Ok. I got it working. More or less.
There's a couple of weird things I don't understand, and a couple of image issues. All in all, it looks better than it did with composite. My biggest concern is that I may have changed the way the set is running too much and made something liable to break, or to run the tube too hard. I think it ok because in theory it would be a similar brightness for a similar G2 level, but I don't know. I don't have a HV probe for my multimeter, but I'm going to get one to make sure it's still around the same thing.
I have to apologize, I don't have a great camera.
Here's the issues. There is a vertical tearing towards the top. Not sure about how to remedy or what the cause is.
Also, there is banding. I think maybe resistor or capacitor values can help with these things?
I'm really curious as to why the colors are all mixed up now. The way it's wired from the Playstation, Red goes to the Blue text input, Green goes to the Red text input, and Blue goes to the Green text input.

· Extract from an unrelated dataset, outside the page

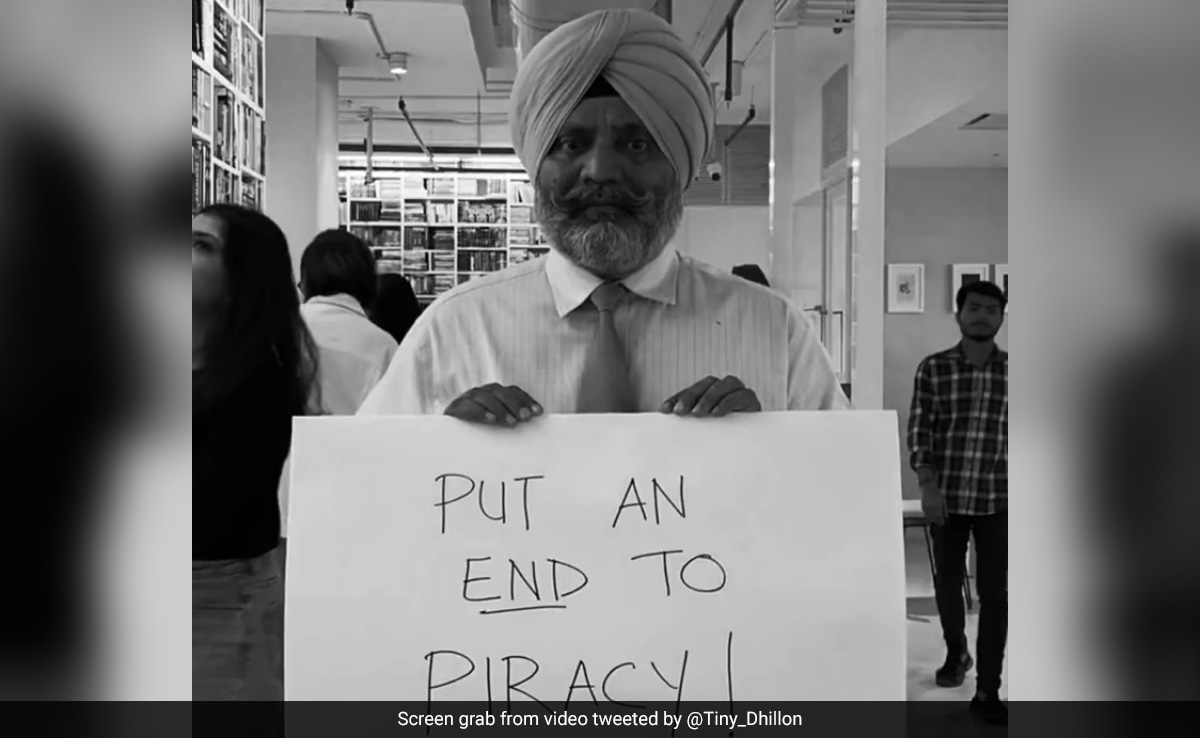 In the clip, Lt Gen KJS Dhillon (Retired) is seen holding multiple placards. He alternates between them throughout the two-minute video, pleading with viewers to "put an end to piracy!"

But it basically "works." Not sure how I feel about it, but it looks a hell of a lot better than composite did. There is no color fringing or bleeding like there used to be. Now even the red is pretty solid.
Edit: I figured out why the colors were all mixed up. I was looking at the Datasheet for the AN5352
N, and the unit I have used a AN5352 with no
N. Apparently the only difference is the ordering of the Text color inputs in order to make one color the "main" color for text output. CORRECTION: The datasheets are the same. Toshiba just decided to mix up the colors because they only needed 2 of them and I guess it must have been more convenient to route it that way on the PCB. Seems like they didn't expect anyone to hack it in 30 years.
I also discovered that the vertical banding was already there, but it's very light and impossible to notice when you are using the composite inputs at a normal brightness level. It only shows up when you *crank* the brightness. I'm not sure what the issue could be. It's not an electrolytic because they are all new. I think one of the big film caps may have drifted in value perhaps?
Also, the flyback transformer seems a little weak because you have to turn the focus almost all the way to get it to focus, and the little amount above that point brightens the screen. Seems like classic failure to me, so that might be it. I'm going to check the HV pretty soon once I pick up the meter. I got a pretty cheap one on fleabay.
If anyone has any ideas about the vertical banding (or the horizontal tearing) and how to remedy that, I would be all ears.